Write out again, word for word, the lines below from the line that holds "The Valkyrie is" through the line that holds "[ HARIO 雲朵系列", omitting pictures.

*DATA TO USE*
┏━━

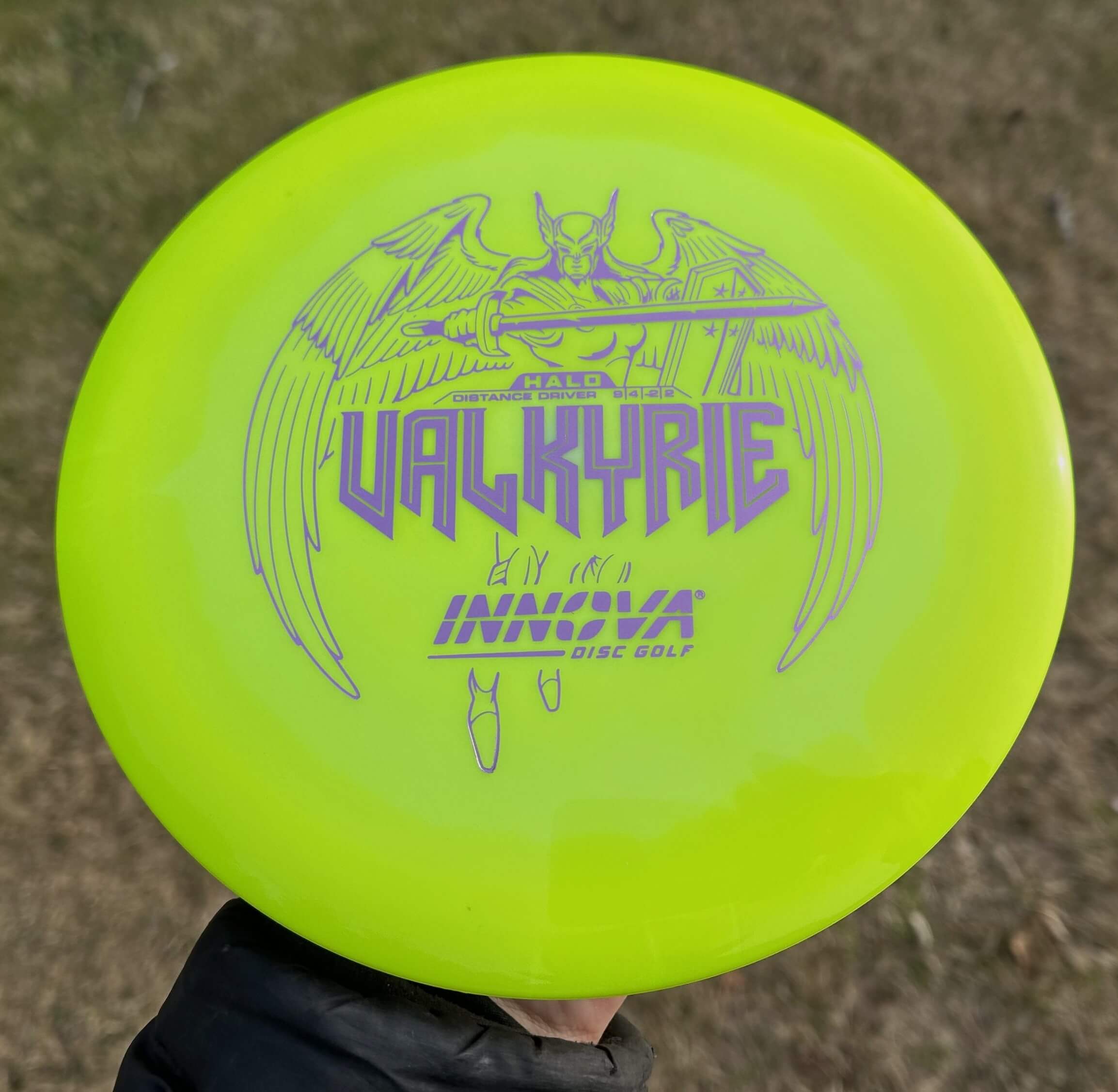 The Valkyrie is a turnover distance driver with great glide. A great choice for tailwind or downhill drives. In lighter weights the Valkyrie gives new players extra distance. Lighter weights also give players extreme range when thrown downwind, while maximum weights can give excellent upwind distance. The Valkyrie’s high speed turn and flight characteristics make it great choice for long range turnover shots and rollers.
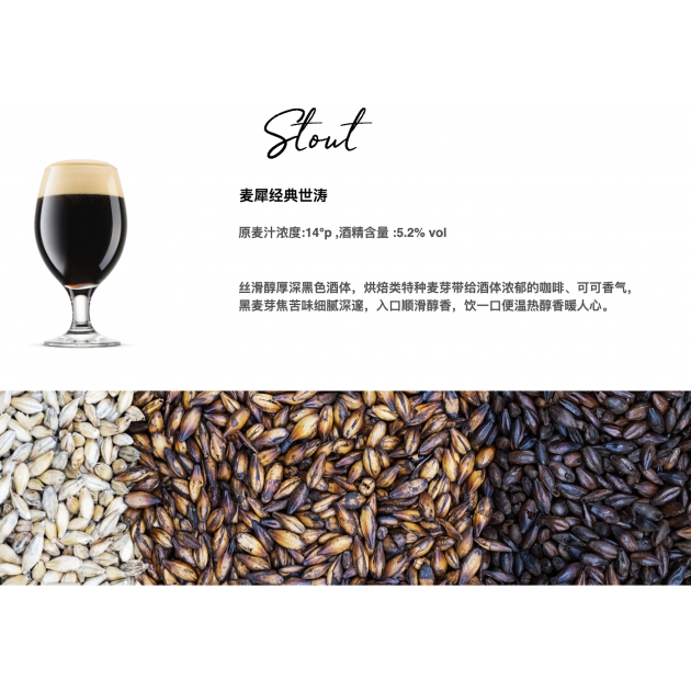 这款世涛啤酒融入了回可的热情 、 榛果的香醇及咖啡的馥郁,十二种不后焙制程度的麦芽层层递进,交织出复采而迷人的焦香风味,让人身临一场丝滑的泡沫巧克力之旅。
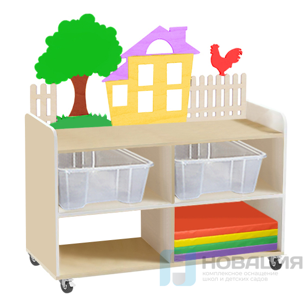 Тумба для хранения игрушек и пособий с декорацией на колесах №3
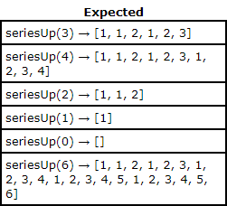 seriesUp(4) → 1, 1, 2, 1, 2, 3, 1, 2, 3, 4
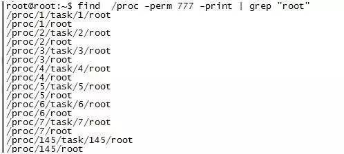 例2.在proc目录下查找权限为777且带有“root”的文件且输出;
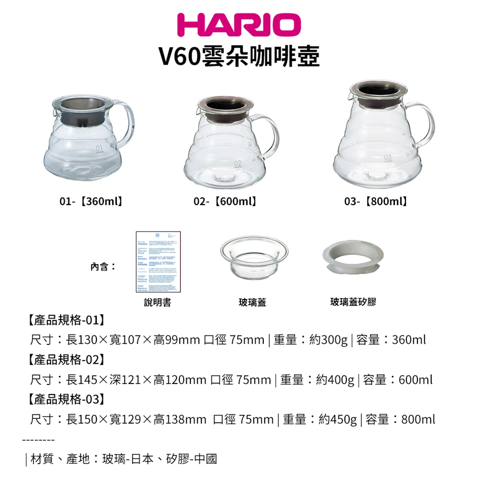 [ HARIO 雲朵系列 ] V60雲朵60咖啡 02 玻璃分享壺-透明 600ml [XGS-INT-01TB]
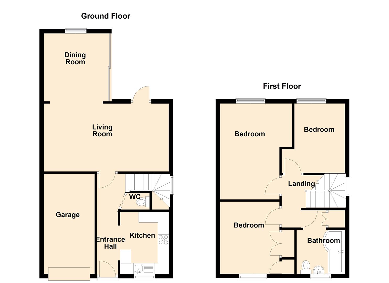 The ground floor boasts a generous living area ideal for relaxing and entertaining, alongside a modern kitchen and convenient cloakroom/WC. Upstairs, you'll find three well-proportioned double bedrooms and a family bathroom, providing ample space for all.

┗━━
┏━━

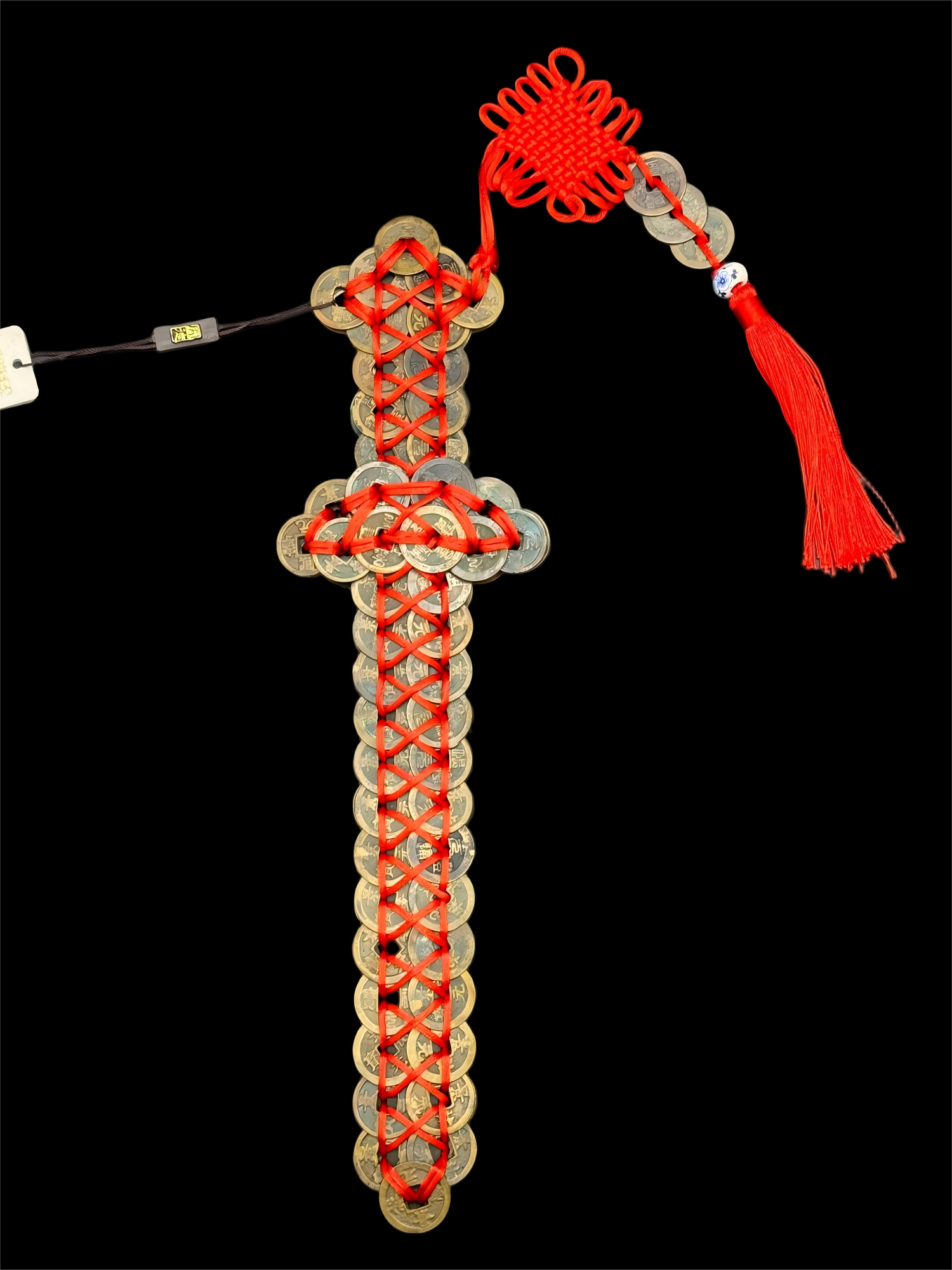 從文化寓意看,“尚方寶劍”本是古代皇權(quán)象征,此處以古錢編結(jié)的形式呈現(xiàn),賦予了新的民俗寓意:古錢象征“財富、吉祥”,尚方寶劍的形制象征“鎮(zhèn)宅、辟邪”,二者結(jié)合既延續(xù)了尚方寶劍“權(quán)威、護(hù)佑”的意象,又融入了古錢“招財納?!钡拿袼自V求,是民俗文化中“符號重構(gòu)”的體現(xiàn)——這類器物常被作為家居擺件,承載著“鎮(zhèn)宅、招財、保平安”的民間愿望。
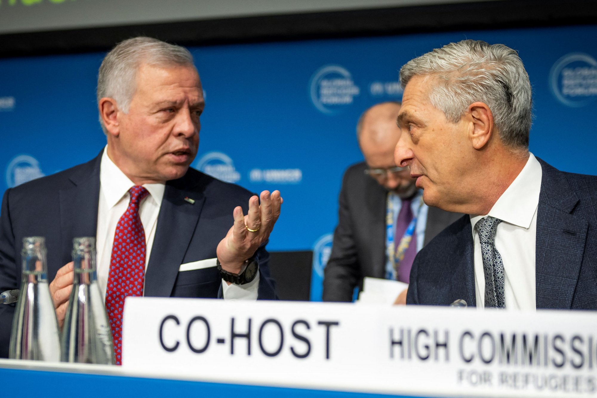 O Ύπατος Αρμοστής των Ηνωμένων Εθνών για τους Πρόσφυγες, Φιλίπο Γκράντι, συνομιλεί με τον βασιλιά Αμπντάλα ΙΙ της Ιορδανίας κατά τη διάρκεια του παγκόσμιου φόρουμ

┗━━

*ANSWER BELOW*
 The Valkyrie is a turnover distance driver with great glide. A great choice for tailwind or downhill drives. In lighter weights the Valkyrie gives new players extra distance. Lighter weights also give players extreme range when thrown downwind, while maximum weights can give excellent upwind distance. The Valkyrie’s high speed turn and flight characteristics make it great choice for long range turnover shots and rollers.
 这款世涛啤酒融入了回可的热情 、 榛果的香醇及咖啡的馥郁,十二种不后焙制程度的麦芽层层递进,交织出复采而迷人的焦香风味,让人身临一场丝滑的泡沫巧克力之旅。
 Тумба для хранения игрушек и пособий с декорацией на колесах №3
 seriesUp(4) → 1, 1, 2, 1, 2, 3, 1, 2, 3, 4
 例2.在proc目录下查找权限为777且带有“root”的文件且输出;
 [ HARIO 雲朵系列 ] V60雲朵60咖啡 02 玻璃分享壺-透明 600ml [XGS-INT-01TB]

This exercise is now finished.